Task to carry out: Transcribe the entries below word for word, beginning at the line with "流线型子弹头高速列车;2. 复古蒸汽机车头配红色车厢;3. 双层观光列车,带有大面积观景窗;4." and stopping after the line with "Statistica a confirmat"; drop all pictures.

Exercise data:
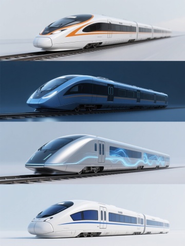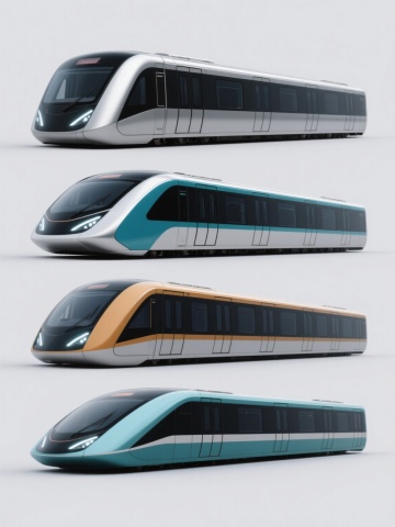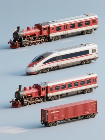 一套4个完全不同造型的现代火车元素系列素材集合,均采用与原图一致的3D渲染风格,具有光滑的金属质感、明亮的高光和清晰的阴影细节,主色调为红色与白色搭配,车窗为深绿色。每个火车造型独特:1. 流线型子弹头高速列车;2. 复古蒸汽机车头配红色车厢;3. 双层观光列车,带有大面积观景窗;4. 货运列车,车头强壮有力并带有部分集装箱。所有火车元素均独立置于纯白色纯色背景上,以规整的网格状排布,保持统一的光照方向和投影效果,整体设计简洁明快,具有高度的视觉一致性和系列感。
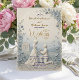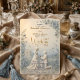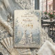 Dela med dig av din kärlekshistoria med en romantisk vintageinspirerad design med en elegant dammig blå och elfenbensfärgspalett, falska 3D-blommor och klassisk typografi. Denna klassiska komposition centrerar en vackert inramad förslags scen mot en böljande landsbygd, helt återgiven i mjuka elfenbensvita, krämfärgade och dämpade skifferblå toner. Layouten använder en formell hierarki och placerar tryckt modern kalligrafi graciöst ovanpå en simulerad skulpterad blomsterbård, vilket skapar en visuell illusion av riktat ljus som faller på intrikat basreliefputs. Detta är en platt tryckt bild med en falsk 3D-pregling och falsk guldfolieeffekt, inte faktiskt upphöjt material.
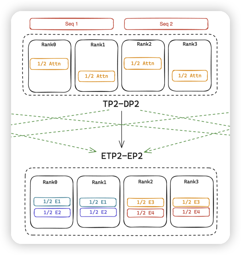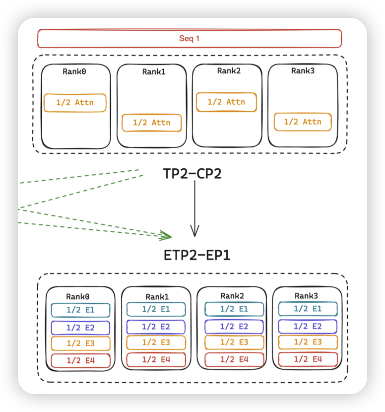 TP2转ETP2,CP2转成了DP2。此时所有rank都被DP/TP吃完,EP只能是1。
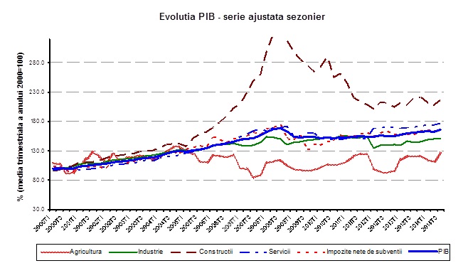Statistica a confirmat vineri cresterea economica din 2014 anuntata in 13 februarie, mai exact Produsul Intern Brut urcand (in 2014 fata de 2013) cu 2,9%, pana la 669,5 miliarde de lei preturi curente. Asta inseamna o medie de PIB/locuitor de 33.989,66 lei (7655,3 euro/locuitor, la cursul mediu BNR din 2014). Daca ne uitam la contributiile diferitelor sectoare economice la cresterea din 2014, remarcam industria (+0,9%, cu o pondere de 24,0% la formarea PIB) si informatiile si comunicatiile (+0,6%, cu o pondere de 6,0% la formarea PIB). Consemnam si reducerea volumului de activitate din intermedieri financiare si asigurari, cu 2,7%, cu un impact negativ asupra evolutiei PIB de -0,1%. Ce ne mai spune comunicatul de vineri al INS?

* * *

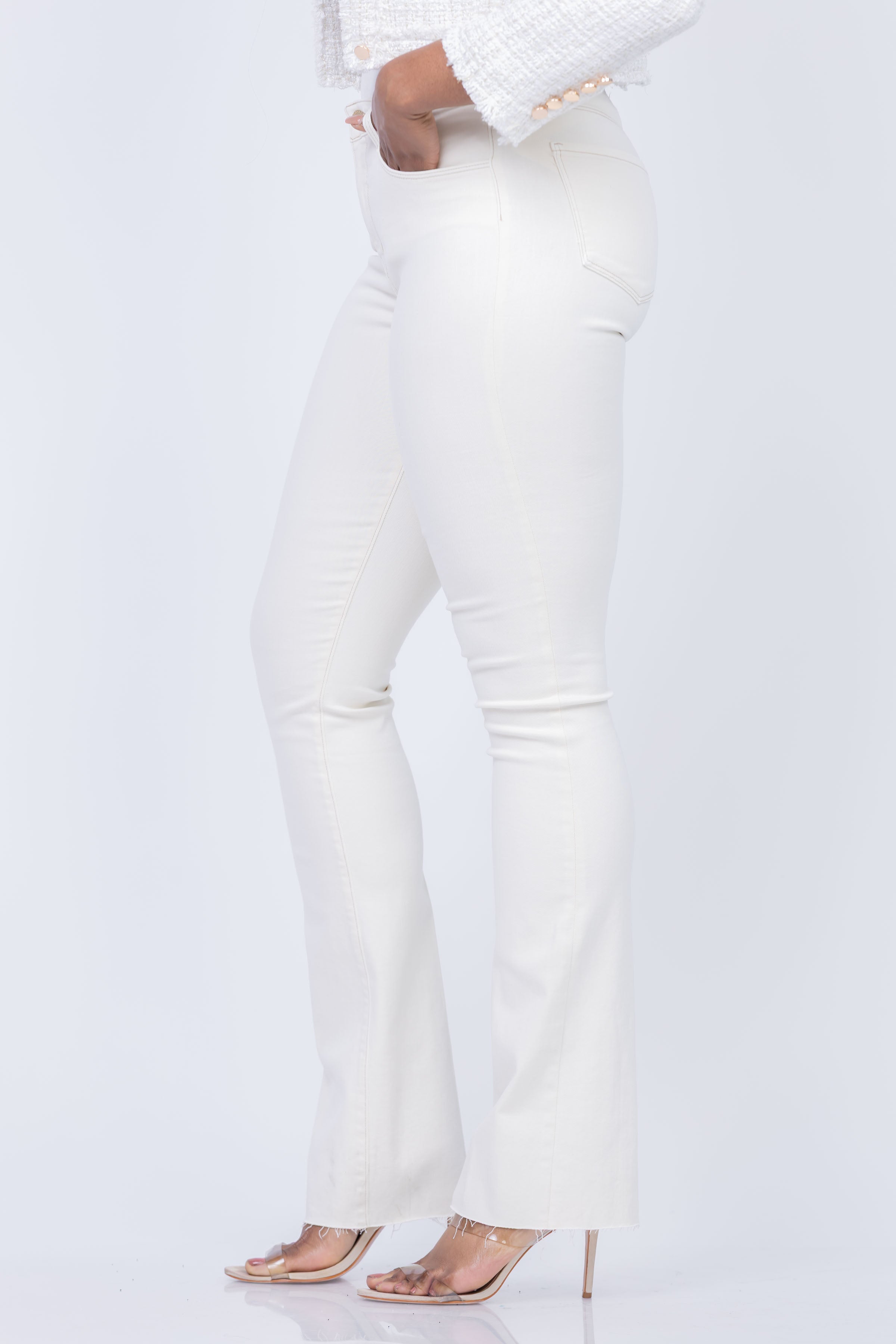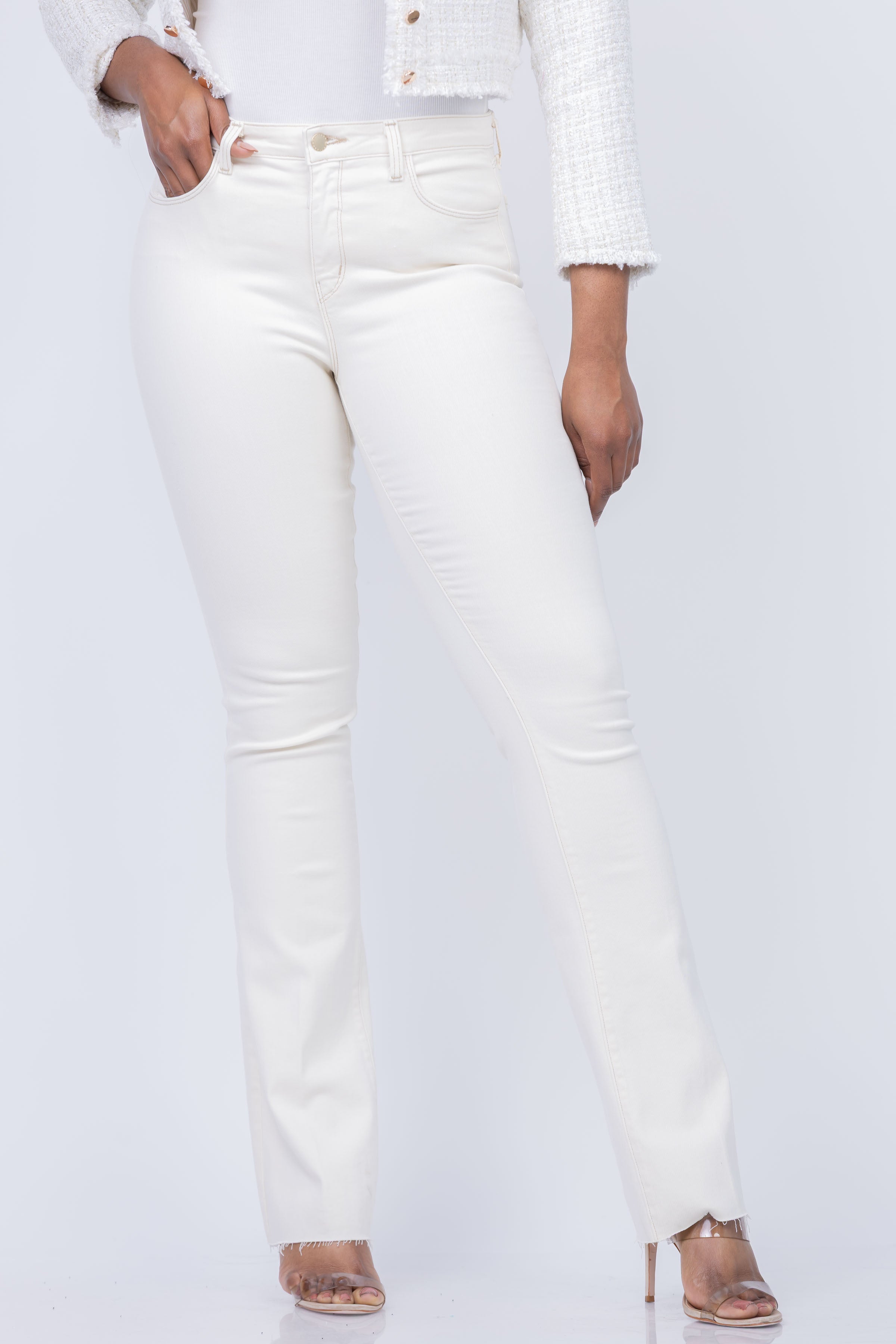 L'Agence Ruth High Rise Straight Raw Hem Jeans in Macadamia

Answer to the problem:
 一套4个完全不同造型的现代火车元素系列素材集合,均采用与原图一致的3D渲染风格,具有光滑的金属质感、明亮的高光和清晰的阴影细节,主色调为红色与白色搭配,车窗为深绿色。每个火车造型独特:1. 流线型子弹头高速列车;2. 复古蒸汽机车头配红色车厢;3. 双层观光列车,带有大面积观景窗;4. 货运列车,车头强壮有力并带有部分集装箱。所有火车元素均独立置于纯白色纯色背景上,以规整的网格状排布,保持统一的光照方向和投影效果,整体设计简洁明快,具有高度的视觉一致性和系列感。
 Dela med dig av din kärlekshistoria med en romantisk vintageinspirerad design med en elegant dammig blå och elfenbensfärgspalett, falska 3D-blommor och klassisk typografi. Denna klassiska komposition centrerar en vackert inramad förslags scen mot en böljande landsbygd, helt återgiven i mjuka elfenbensvita, krämfärgade och dämpade skifferblå toner. Layouten använder en formell hierarki och placerar tryckt modern kalligrafi graciöst ovanpå en simulerad skulpterad blomsterbård, vilket skapar en visuell illusion av riktat ljus som faller på intrikat basreliefputs. Detta är en platt tryckt bild med en falsk 3D-pregling och falsk guldfolieeffekt, inte faktiskt upphöjt material.
 TP2转ETP2,CP2转成了DP2。此时所有rank都被DP/TP吃完,EP只能是1。
Statistica a confirmat vineri cresterea economica din 2014 anuntata in 13 februarie, mai exact Produsul Intern Brut urcand (in 2014 fata de 2013) cu 2,9%, pana la 669,5 miliarde de lei preturi curente. Asta inseamna o medie de PIB/locuitor de 33.989,66 lei (7655,3 euro/locuitor, la cursul mediu BNR din 2014). Daca ne uitam la contributiile diferitelor sectoare economice la cresterea din 2014, remarcam industria (+0,9%, cu o pondere de 24,0% la formarea PIB) si informatiile si comunicatiile (+0,6%, cu o pondere de 6,0% la formarea PIB). Consemnam si reducerea volumului de activitate din intermedieri financiare si asigurari, cu 2,7%, cu un impact negativ asupra evolutiei PIB de -0,1%. Ce ne mai spune comunicatul de vineri al INS?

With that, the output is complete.